More than Quantified

One of the major pushes I had to have this binary set etched on my center-back is how development work has deteriorated to the point of treating people as data.

Development and research organizations have turned to datafying people. While curating a database is essential for a number of reasons, a database is not an end to it all. Communities are more than the data they produce; they’re more than the quantified versions of themselves. Farmers are not equal to their harvest data every season. Women are more than just numbers being counted in community events. Children are more than just a certain percentage of beneficiaries. People are not data; data can be parts of our beings, but we are more than the dataset we can get out of ourselves.

Development work, while in a continuous pursuit to improve, must also embrace a certain humility. That kind of humility that acknowledges that no amount of quantifying the past and present can help us conquer the future exactly the way we want to. That kind of humility that acknowledges that no amount of quantifying people can ever make us feel satisfied with the work that we do.

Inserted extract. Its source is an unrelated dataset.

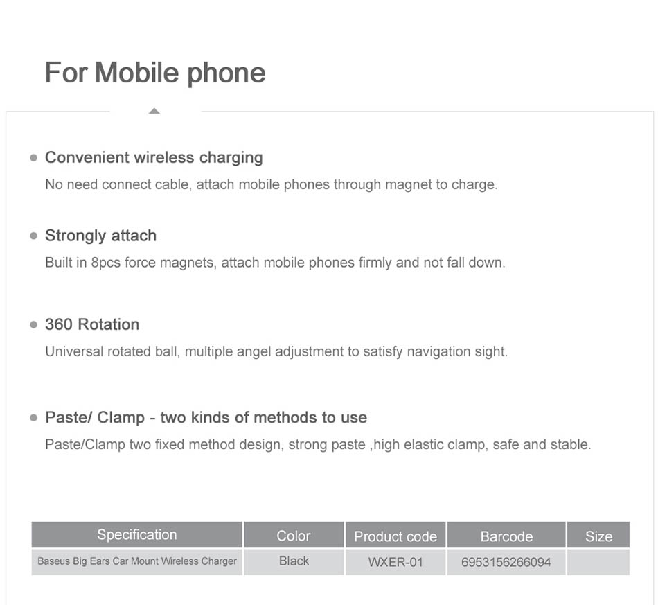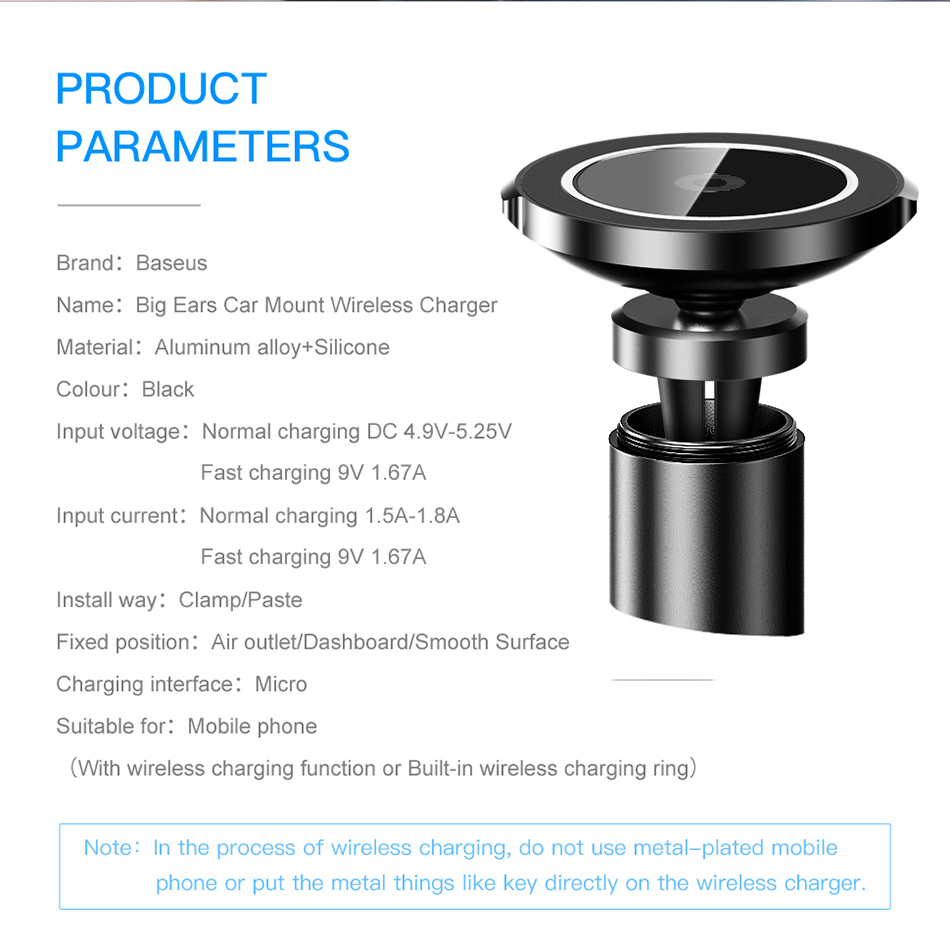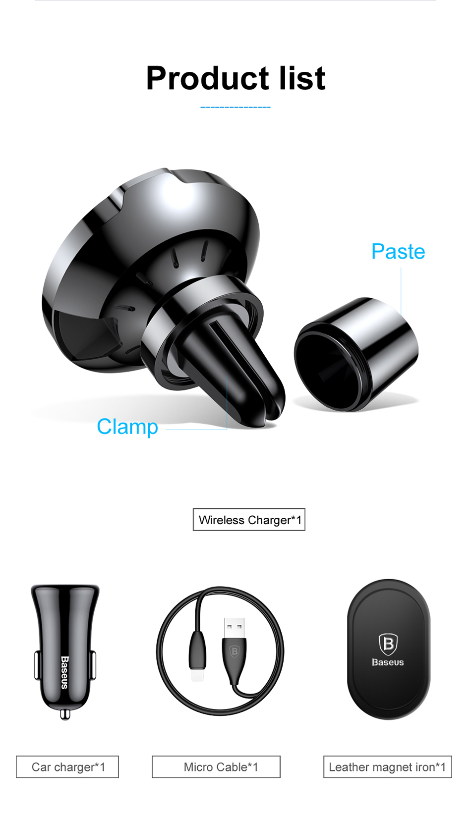 - Buy one get four:Car Holder + Wireless Charger + Car Charger + Micro USB Cable

We are more than the binaries in an excel sheet. We are more than our guesses in likert scales as we try to quantify our preferences. We are more than variables and correlations.

Why don’t we give faces to the people we work with? Poverty has endless faces, and as we try to comfort ourselves with big data, we miss out the details. We miss out the short story how a community would value social relationships more than technologies. We are more than emerging patterns if only we give ourselves a chance to be.

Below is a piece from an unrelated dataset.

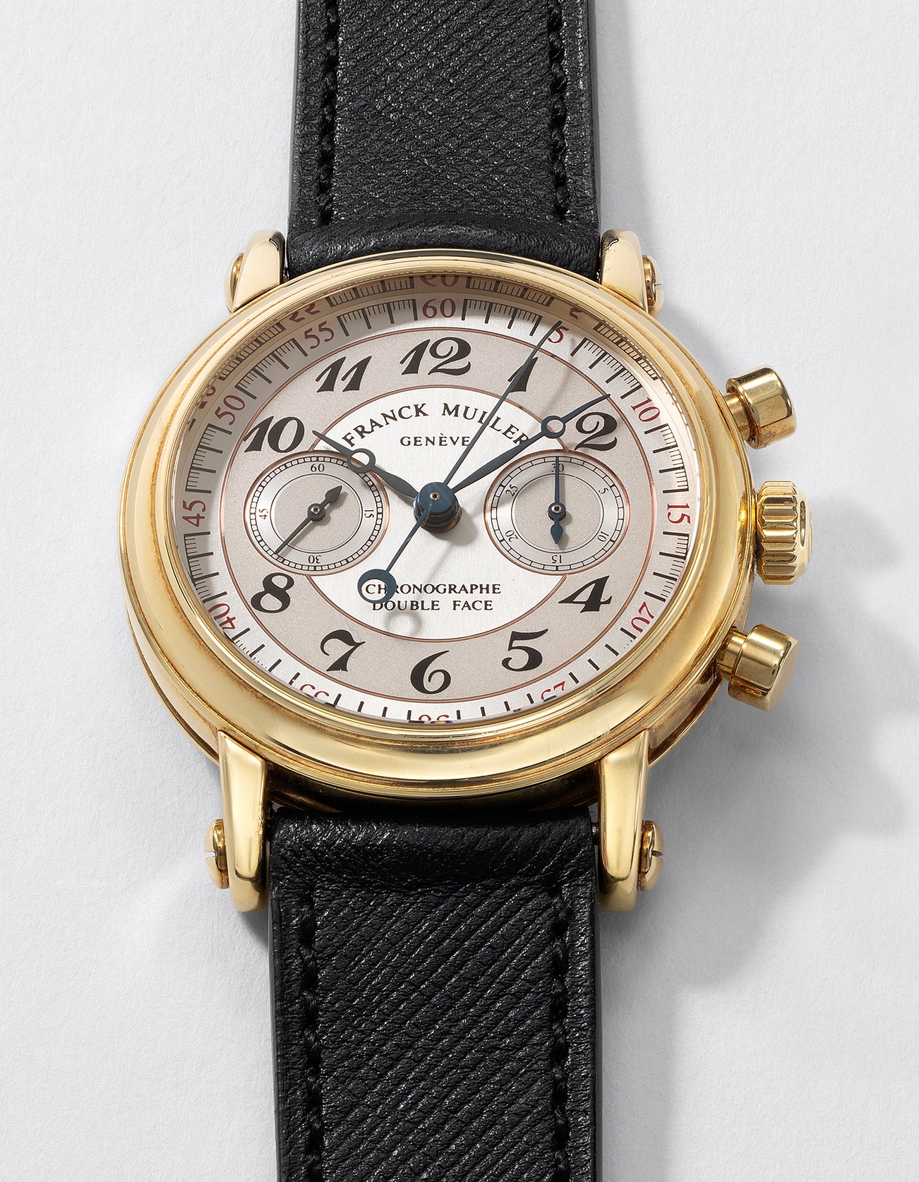 Offered in excellent overall condition, the present Franck Muller Double Face Chronograph ref. 2870 NADF in 18K yellow gold from circa 2004 is a rare bird that has recently gained a following due to the rising trend of early Franck Muller chronographs.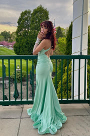 V Neck Green Satin Mermaid Long Prom Dress with Cross Back Simple atmospheric beautiful and unique desi

I fear that we’ll reach a point when everyone will be reduced to data. I fear that the government can sell data for whatever gains. I fear that we’re just waiting for datasets to mature; mature enough to enable governments to manipulate people.

This is a call for development workers and researchers to take a step back. Our development work is more than data. It is more than log frames, and bottlenecks. We are fluxes. We are fragments trying to live in unity.

“What we don’t know, we don’t count.”

Charles Eisenstein, Climate: A New Story (2018)

We are unknown even to ourselves that even the quantified versions of ourselves don’t event count.